第5話

 佐和が大学に入って初めて迎える週末の朝。佐和は意気揚々としながら校門に入った。出掛ける前に、ベッドの上にジャージを、玄関にランニングシューズを準備しておいたのだ。帰宅すれば、すぐにでもジョギングができる。どのコースにしようか、と考えるだけでも楽しい。今日は保健衛生学科と獣医学科の合同講義は無いため、あいざわ動物病院コースにしておくのが良策だろう。もしかしたら数日前のように、掲示板の前で山根と会えるかもしれないが。

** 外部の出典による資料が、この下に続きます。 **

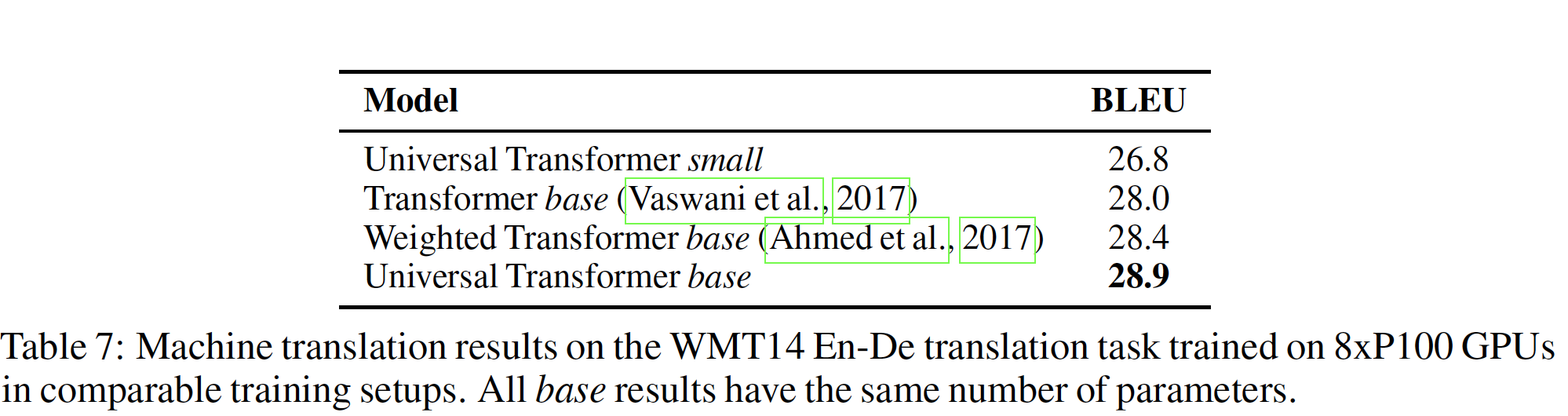 base model 使用单个模型,该模型是通过平均最后 5 个 checkpoint 获得的,其中 checkpoint 是以 10 分钟的间隔写入的。 big model 也是会用单个模型,但是它平均了最后 20 个 checkpoint 。
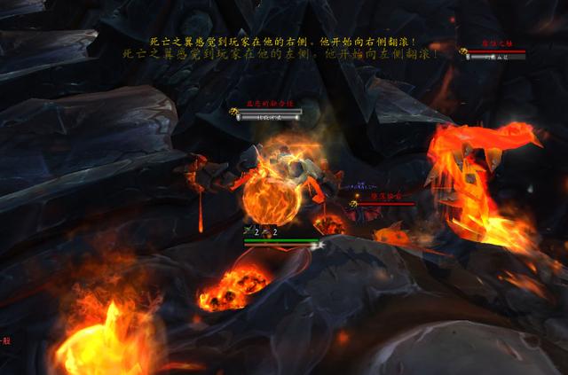 在我们看到聊天框中出现”死亡之翼向左侧翻滚!“通报后,就可以到右上的坑洞中站着了,
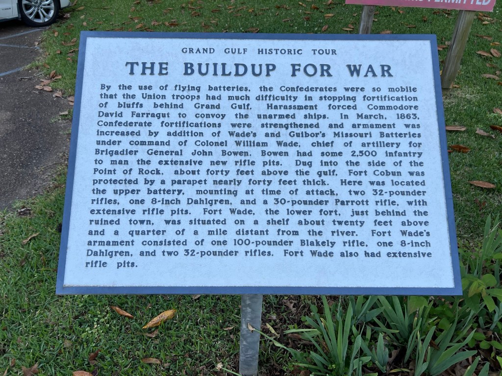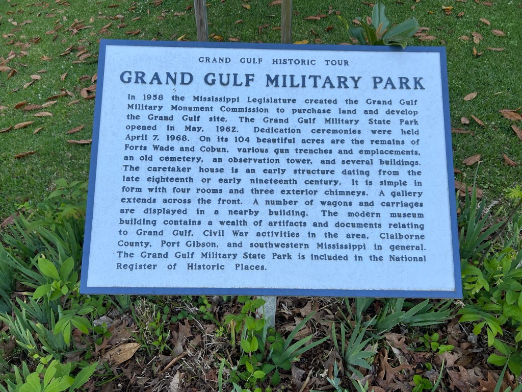 - 7:30am and the coffee had been drunk and the donut has been eaten so it’s time to hit the road! Heading south the first stop is Grand Gulf Military State Park by Port Gibson. The physical address is 12006 Grand Gulf Rd., Port Gibson. The drive out to it is beautiful and the Military Park is pretty darn neat. I didn’t spend nearly enough time there. I did go through the small museum display and drove through it but due to time constraints I didn’t have time to walk through some of the trails/buildings like I would have liked. Fun fact you drive by a nuclear power station on your way to the park. To me the coolest thing they have at the park is a One Man Submarine that was powered by a Model T Ford engine. It was used during early prohibition to bootleg whiskey and rum from Davis Island to Vicksburg! Make sure you check out the pics of the submarine and other items. Can you imagine being in this thing running bootleg whiskey?

 上機嫌で中庭に向かおうとしていた佐和だったが、驚いて足を止めた。佐和の1メートルほど前方のところを、黒い何かが凄い速さで横切っていったのだ。佐和は思わず、黒い何かが去っていった方を見た。黒い何かには細いしっぽが生えていて、背中はしなやかに上下している。茂みの中へ入ったので見えなくなってしまったが、佐和には黒い何かの正体が分かった。
「あの猫だ」
 茂みの中へ入る瞬間、黒猫の横腹が見えたのだ。そこには、十字の傷があった。
 驚いて足を止めたのは、佐和だけではなかったらしい。「え、黒猫?」というような声が、あちらこちらで囁かれているのが佐和の耳にも届いた。中には、「縁起悪くない?」という声もある。歩き始めた佐和は、それとなく携帯を取り出して日付を確認した。
「今日、13日の金曜日だったんだ。なるほどね」
 誰が言い出したかは知らないが、13日の金曜日に黒猫が横切ると不吉だ、という迷信があるらしい。佐和も子供の頃に聞いたことがあった。その時も、よくは覚えていないが口喧嘩に発展してしまったので、きっと佐和が余計なことを言ったのだろう、と思う。佐和だって自覚はしているのだ、一応。

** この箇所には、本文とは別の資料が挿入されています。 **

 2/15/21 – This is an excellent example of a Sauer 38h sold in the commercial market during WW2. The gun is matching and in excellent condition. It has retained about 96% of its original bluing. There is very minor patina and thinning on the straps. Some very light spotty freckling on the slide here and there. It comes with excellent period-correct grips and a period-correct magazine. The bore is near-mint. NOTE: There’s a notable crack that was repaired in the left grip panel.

 不吉とまではいかないが、さっそく困ったことになった。佐和が受けるはずだった1講義目が休講になってしまったのだ。晴れやかな朝を迎えていただけに、なんだか肩透かしを食らったような気がする。
「どうしようかな」
 1度家に帰っても良いのだが、再び登校するのは面倒くさい。購買に行って適当に飲み物を見繕った後、図書館にでも行こうか。それとも雑誌でも買って、中庭のベンチで読んでいても良い。幸い今日は、天気予報士のお姉さんが「絶好の、お洗濯日和ですよ」と言っていたほどの空だ。我ながら良い案かもしれない、と佐和は頷いた。ベンチが空いていれば、の話だが。
 どこか空いているか、と佐和は中庭を見回す。あるベンチに目が留まった。数日前、山根と話したベンチだ。しかし、今重要なのは、そこではない。ベンチの足元に、白猫がいたのだ。もしかして、という思いが佐和を動かす。もし佐和が助けた白猫なら、もう1度だけで良いから透明度の高いアクアマリンを見たい。

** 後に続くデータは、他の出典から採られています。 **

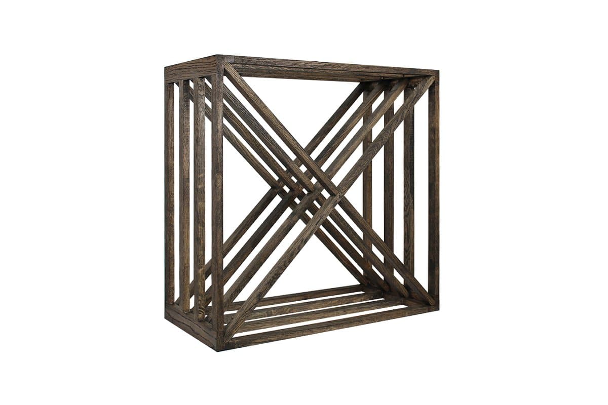 Perfektioniert bis ins Detail: Ein näherer Blick auf ein Weinregal aus Geräuchert Eiche
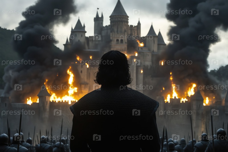 Наблюдение за горящим замком на расстоянии с фотоаппаратом, обращенным вспять
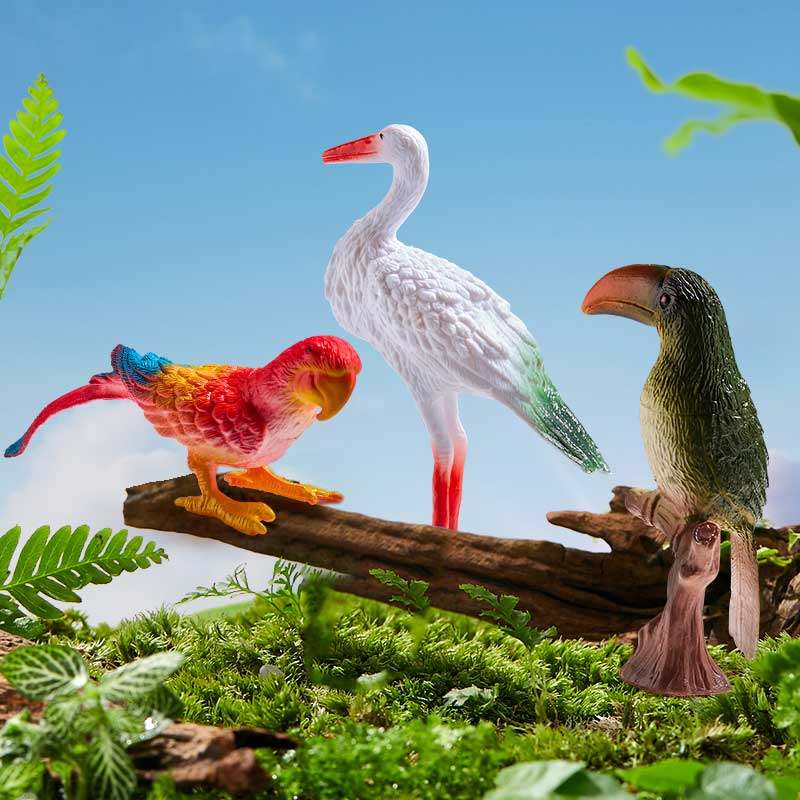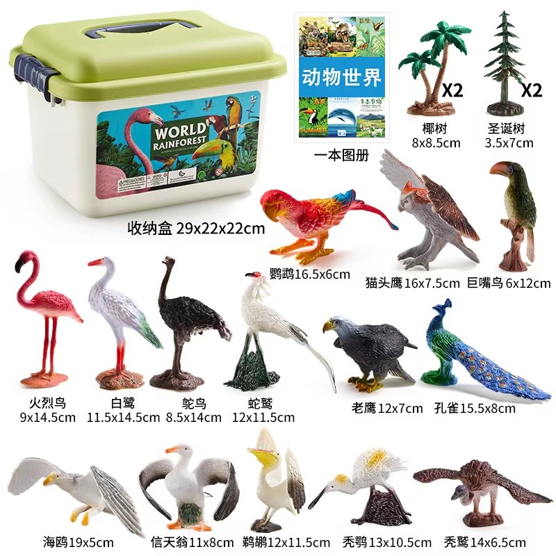 淘儿童玩具仿真动物模型鸟类套装大嘴鸟鹦鹉鸵鸟孔雀小鸟火鸡男孩女
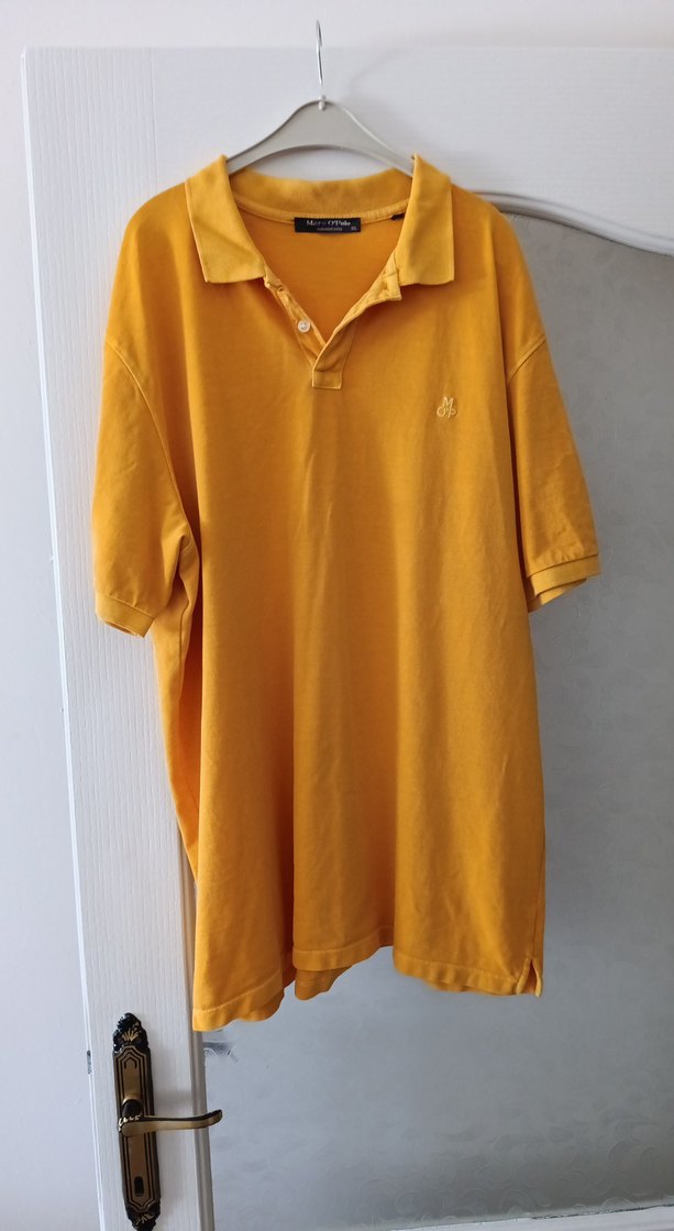 Marc O'Polo marka. XXL. Gevşek kesim, kısa kollu, yakalı sarı keten polo tişört. Düğmeli ve parlak görünümlü, günlük sokak stili için uygundur.

 白猫まであと10歩のところで、佐和はベンチの傍らに植わっている木を見上げた。風も無いのに、葉の擦れる音が強すぎる。枝が意思を持ったように震えた時には、佐和は白猫に向かって駆け出していた。白猫に大きな影が覆いかぶさろうとした瞬間、佐和は白猫を拾い上げる。白猫を抱え込むと転がるようにして、ベンチの向こう側に滑り込んだ。その直後、地面に横たわった佐和の背中に微振動が伝わる。中庭に、誰ともつかない悲鳴が響き渡った。
 肩で息をする佐和と、白猫の目が合った。次の瞬間、白猫は佐和の腕をすり抜けて、どこかへと逃げてしまった。相変わらず薄情な猫だが、走れるということは怪我をしなかったということだろう。佐和は息を吐くと、体を起こした。足に力が入らず、その場に座り込んでしまう。「大丈夫?」と問われる声が、なんだか遠く聞こえた。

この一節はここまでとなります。